NBC’s core production efforts are in ND7 while NEP Supershooter 8 and ND5 are on hand in a support role. BSI handles RF systems for NBC, Sky, and the world feed and Fletcher is providing robotics. There is plenty of opportunity for resource sharing with NBC Sports, SKY Sports and European Tour Productions. For example, course coverage is handled by 63 cameras, including three Inertia Xmo super slo-mos. The camera resources are passed into NEP ESU and made available to each of the entities on site.

In addition to the FlyCam there is also a camera in a plane, a live drone, and a SteadiCam. Four miles of fiber in the compound and 57 miles across the course keeps all facilities connected.

Over the years, TopTracer has become a big part of golf production, making it possible for viewers at home to keep track of ball flight. NBC has deployed it heavily for the Ryder Cup.

Hawkeye servers provide an extra level of redundancy to ensure that shots aren’t missed. Two operators are working remotely from Oklahoma while a third operator is on site at Whistling Straits.

“Two of them are working on the main show and one with the featured match,” he says.

Another technology being used is Whoop. Certain players are wearing the Whoop wristband that provides heart rate. NBC is dropping in a graphic on the first tee that displays the players heart rate in real time as they step to the tee which is, arguably, one of the most heart racing tee shots in golf.

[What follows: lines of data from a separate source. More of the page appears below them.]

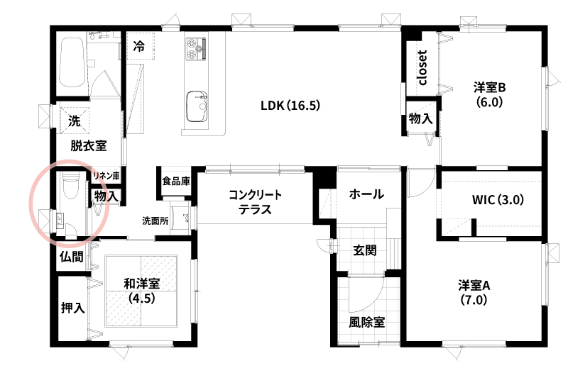 M様は、トイレを洋室や洗面所などの水廻りが集まる箇所に設置しました。
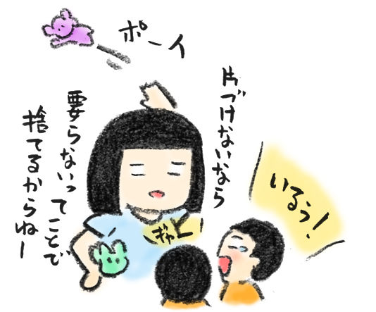 それなのに片付けない時は「片付けないなら捨てるよ」とポ〜イポイと捨てます。
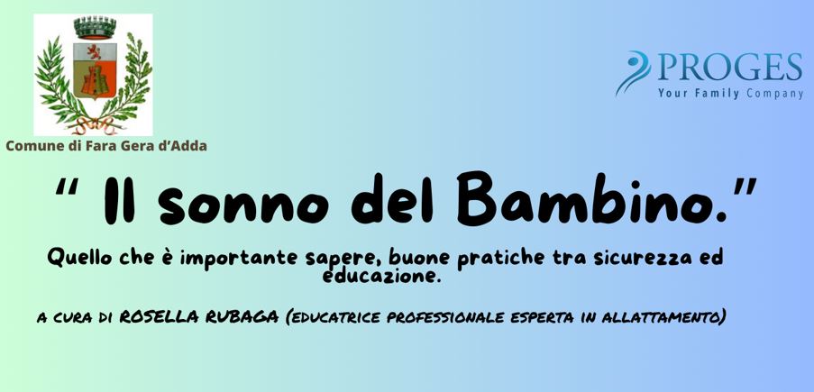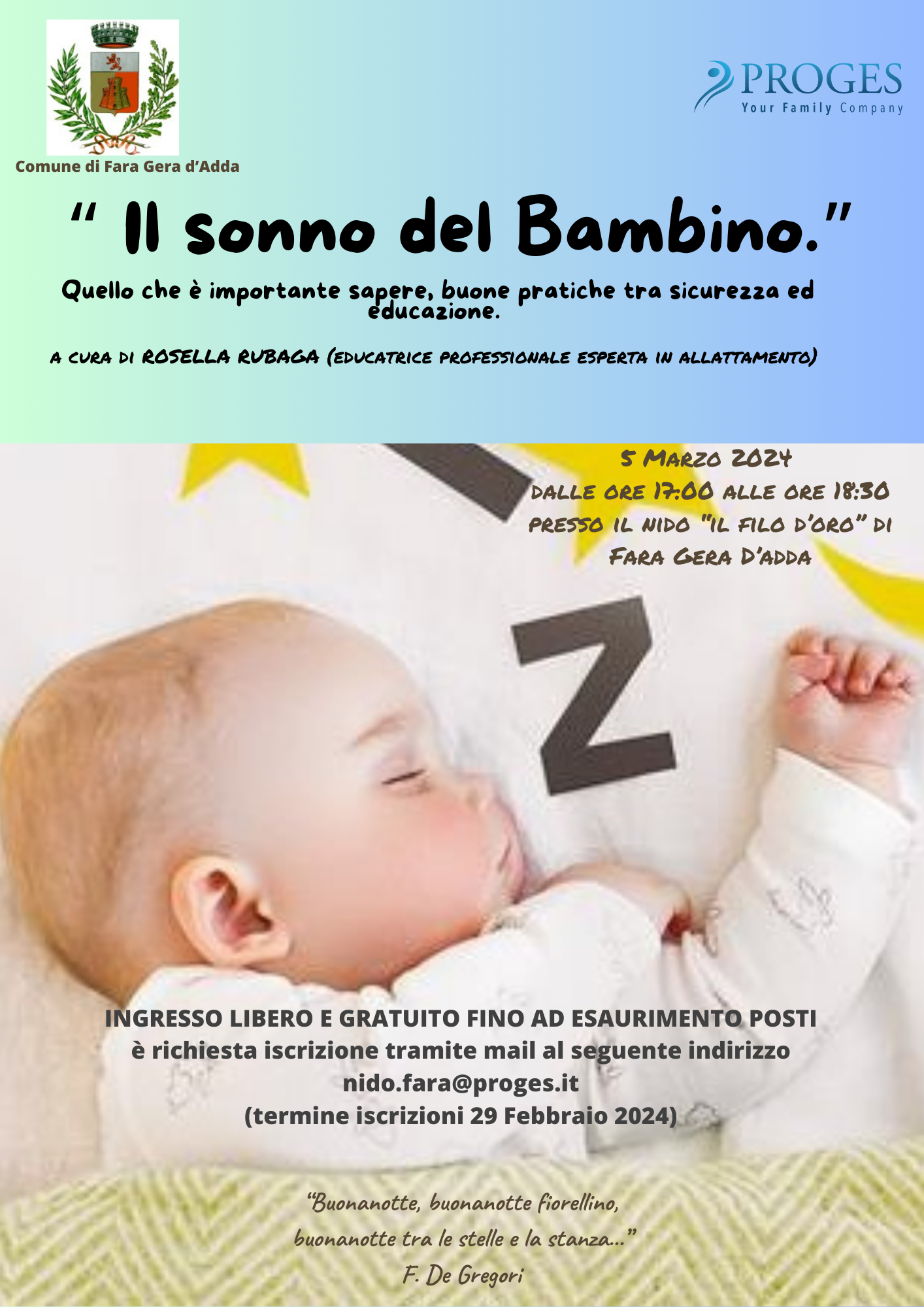 Si comunica alla cittadinanza che il giorno 5 marzo 2024, dalle ore 17:00 alle ore 18:30, presso l'Asilo Nido Comunale "Il filo d'oro", si terrà un incontro dal titolo "Il sonno del Bambino", a cura dell'Educatrice Professionale Rosella Rubaga.
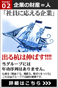 長い人生、結婚や子供などの大きな節目を迎えたときに、必ず欲しくなるのが安定と安心です。当グループは「今すぐ稼げる」だけではなく「ずっと稼げる」企業でありたいと思います。「安心して働ける企業」 当グループ社員の既婚率の高さがその証明です。

“It’s amazing to have those metrics that Tommy Roy and his team are pushing and making that vision a reality,” says Ken Goss, NBC Sports, EVP, Studio and Remote Operations and Production Planning.

Pinpoint wind speed and direction display is also a big part of the show (handled out of the Sky Studios in the UK) as are augmented reality graphics (handled out of New Zealand) and an editor in Ireland is also working on the show.

The Ryder Cup caps off an exceptional year of major golf event productions as NBC tackled not only the Ryder Cup but also the Players Championship, the Open Championship, and the Olympics golf events.

(l-to-r) Mark Caputo, Bridget Cugle, Allison McAllister, Kate Stefko, and Kristen Moorby are making sure NBC Sports Ryder Cup operations and facilities run smoothly.

“We’re running on adrenaline and the big events like this help with that,” says Kate Stefko, NBC Sports, Director, Golf Operations. “And this year there has always been another big event to look forward to as you finish the Olympics and then we go into the Solheim Cup and now onto the Ryder Cup. So, the excitement continues.”

Goss credits a team that has tackled a year in golf production unlike any other “Our remote operations teams led by McAllister and Craig Bernstein, NBC Sports VP, Remote Technical Operations and Engineering have done an incredible job and I am really proud of what we accomplished this year and with our partnership with the PGA of America.”

Goss says the NBC golf team has a terrific balance with McAllister creating a new team that includes Bridget Cugle, NBC Sports, Senior Manager, Remote Operations, and Kristen Moorby, NBC Sports, Production Manager.

“Bridget and Kristen are two of the best in handling all the logistics and then we have Marc who oversees all the technical aspects of all and as the new workflows change, he is at the forefront of that,” says Goss. “And Keith Blachly our Senior Technical Manager gets everything in line as NEP has done an exceptional job on this footprint. NEP Broadcast Services Global President Mike Werteen provided leadership perspective while Bryn Shamey, NEP Senior Account Manager, brings all the ideas and paperwork together for our facilities.”